EXERCISE PROMPT => Transcribe only the part of the material below that begins at the line containing "柔道パフォーマンス Judo demonstrator" and ends at the line containing "Un panneau de", with both kept and images left out.

== Segment start ==

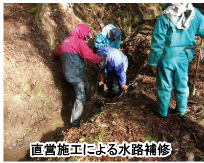
直営施工による水路補修
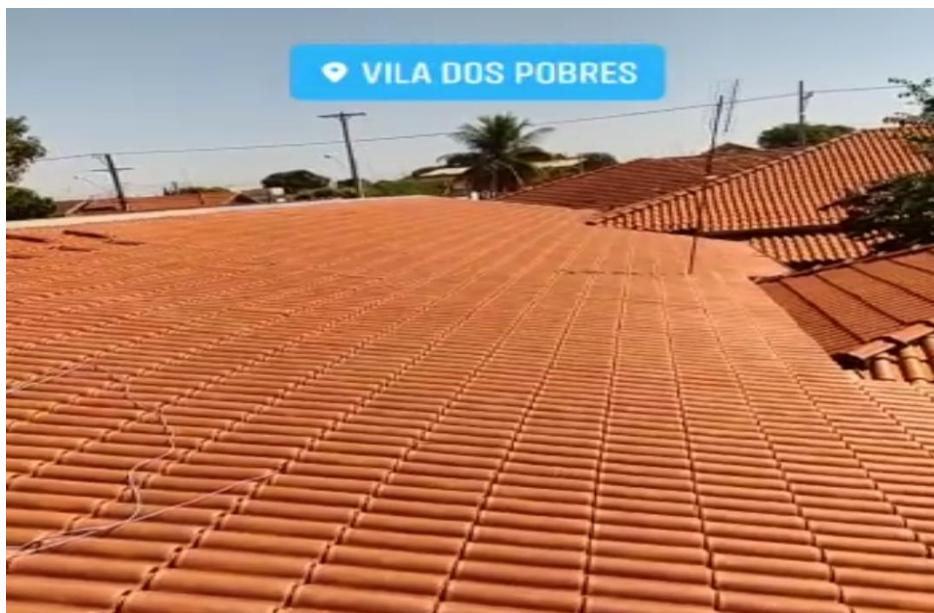
Início da implantação preparação do telhado
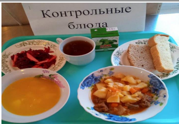
Обед для учащихся 1-4 кл. с ОВЗ
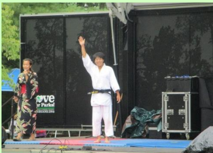
柔道パフォーマンス Judo demonstrator
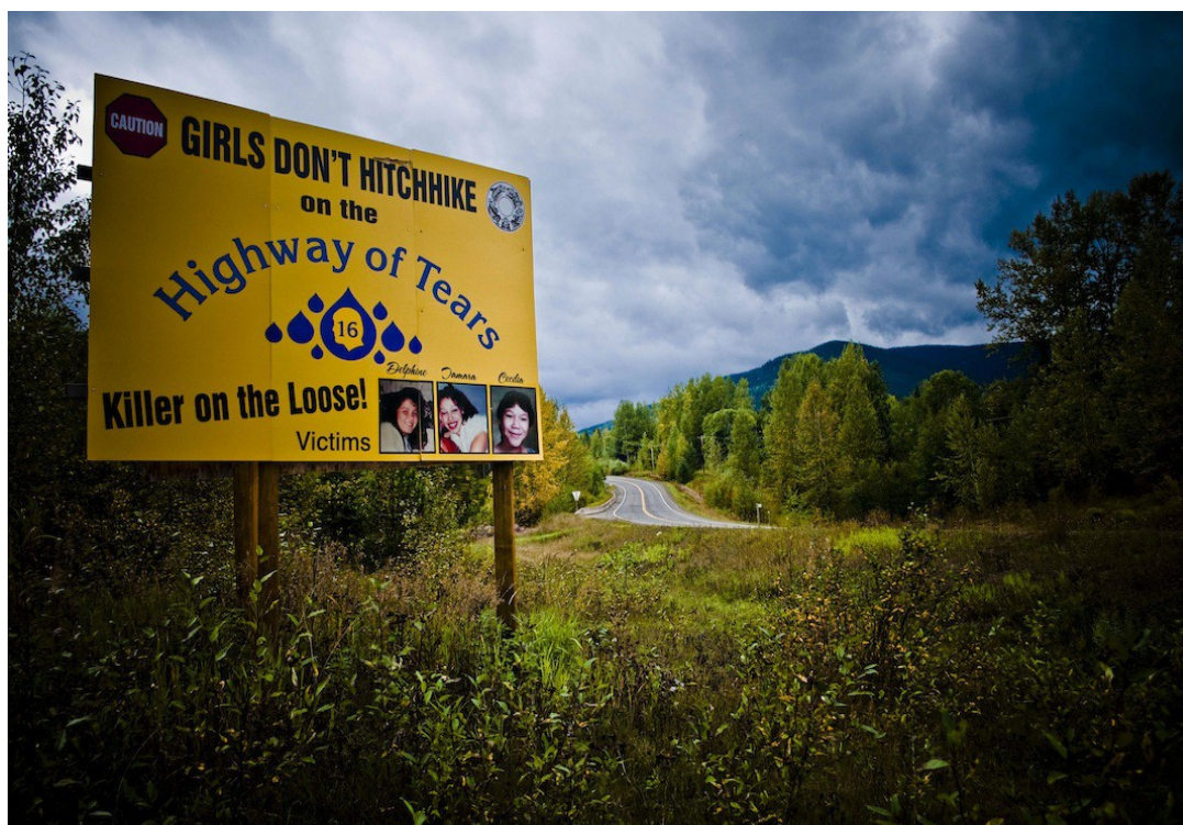
Un panneau de sensibilisation aux dangers de l'auto-stop sur l'autoroute des larmes (Highway of Tears), en Colombie-Britannique

Pour la Cour interaméricaine des droits de l'homme, le fait que 49% de ces victimes aient été tuées par des inconnus – taux largement plus élevé que pour le reste de la population canadienne où il n'est que de 23% – montre que les femmes autochtones sont plus à même d'être les proies de prédateurs sexuels, de serial killers et autres criminels 12 . Selon l'avocate et activiste mik'maq Pamela Palmater 13 , ce chiffre vient contredire l'idée reçue selon laquelle la violence conjugale serait inhérente aux familles autochtones. Stéréotype doublement infondé puisqu'il sous-entendrait que les autochtones ne se marient qu'entre eux, masquant par là-même le fait que les unions mixtes ont toujours été légion. En revanche, pour les familles de victimes, tout comme pour de nombreuses associations, le fait que les femmes autochtones soient davantage prises pour cible par des inconnus est directement lié à la vision de la femme héritée de l'époque coloniale : la femme autochtone est considérée comme un bien à posséder , qu'il faut soumettre, dominer et maîtriser. Symboliquement, elle représente également la culture autochtone tout entière qu'il convient d'éliminer pour devenir le maître incontesté d'un territoire nouvellement colonisé.
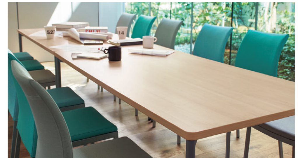
▲T20 M2-1800W 900D - LD-SI ¥100,400 720H ○反り止めパーツ付 チェア: リエカH (P166)
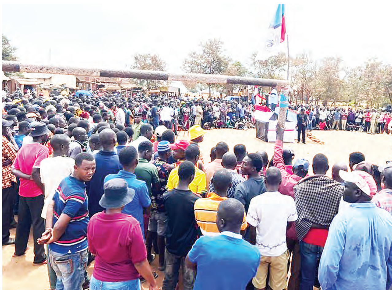
Wakazi wa Kijiji cha Busekera katika Jimbo la Musoma Vijijini mkoani Mara wakiwa kwenye mkutano wa hadhara uliohotubiwa na Makamu Mwenyekiti wa CHADEMA Taifa, Tundu Lissu jana.

Alisema shule jumuishi ziliwekwa ili kuondoa ile hali ya kuonyesha utengano kati ya wanafunzi ambao hawana ulemavu na kuweka ushirikiano na wenye ulemavu kwa kuwa wote wanafanana katika masomo yanatolewa shuleni.

== Segment end ==

EXPECTED ANSWER =>
柔道パフォーマンス Judo demonstrator
Un panneau de sensibilisation aux dangers de l'auto-stop sur l'autoroute des larmes (Highway of Tears), en Colombie-Britannique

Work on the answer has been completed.